I've even seen a small number of women, flush with cash from sex work, use their resources to play the role of insurance broker. Unlike Marta and her friends, who must pool their money, a small percentage of women invest their own savings to insure the risk of other sex workers. Recall that sex workers face a number of risks, from men who do not pay for their services or who steal their money to the sudden loss of their entire client base. Savvy individuals will volunteer to assume such risks, in effect contracting with sex workers to insure them against misbehaving clients or unforeseen drops in business. Jean was so successful as a sex worker that she decided to use some of her income to insure 10 high-end sex workers against potential losses. Each woman gave Jean 5 percent of her earnings each month. In exchange, the women could take out $1,000 per month for five months a year if times were tough. I met most of the women in Jean's insurance pool. Each one volunteered a story of how the cash disbursements helped them avoid a personal crisis.

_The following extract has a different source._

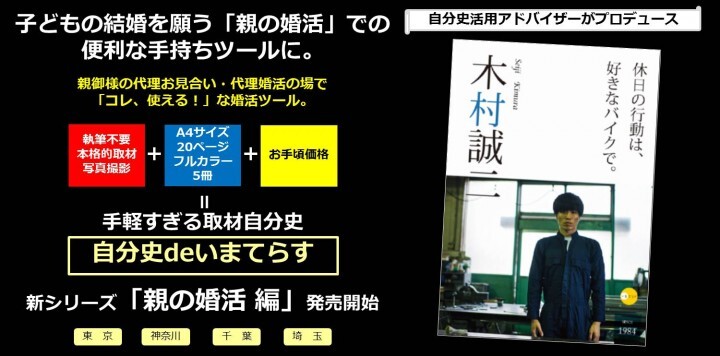 本格的で低価格な自分史制作代行「自分史deいまてらす」を企画・制作するスポットライト合同会社(本社:横浜市中区)は、求婚の日である1月27日より子供に代わって結婚相手を探す「親の婚活」をされる親御様向けに自分史制作・取材ノウハウを使い、代理婚活の場で我が子をアピールする便利な手持ちツールになる、新シリーズ「親の婚活編」を発売開始。
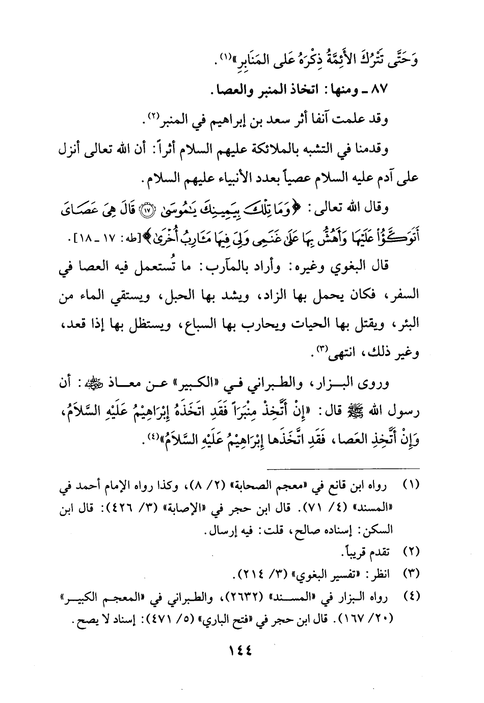 وروى البزار، والطبراني في "الكبير" عن معاذ - رضي الله عنه -: أن رسول الله - صلى الله عليه وسلم - قال: "إِنْ أتَّخِذْ مِنْبَرًا فَقَدِ اتَّخَذَهُ إِبْرَاهِيْمُ عَلَيْهِ السَّلاَمُ، وإنْ أتَّخِذِ العَصا، فَقَدِ اتَّخَذها إِبْرَاهِيْمُ عَلَيْهِ السَّلاَمُ" (¬4).

On first glance, a sex worker could probably do better by simply putting some money aside in a cookie jar. But sex workers are not the best savers (who is?). And a sudden loss of clients means no cash comes in the door. If they lack credit cards or have no room to borrow, a cash payment from Jean is invaluable.
Escort-service managers, strip-club owners, pimps, and other entrepreneurially minded people often approach sex workers with similar proposals to assume some of the risks of the trade. The majority of sex workers I have studied admit feeling trapped when these offers come along: They can try to make it on their own or pay someone to provide some protection. Of course, not all insurers pay up—and the government is not around the corner to bail anyone out.
The trick to surviving lean times, says Caroline, is to be patient and do everything it takes to keep your clients. "They are going to come back. I mean, c'mon, it's Wall Street! These guys are never out of the game for that long. That's what's so great about what I do. If you can keep your cool, it's pretty rare that you lose money. Just make sure you keep the man happy."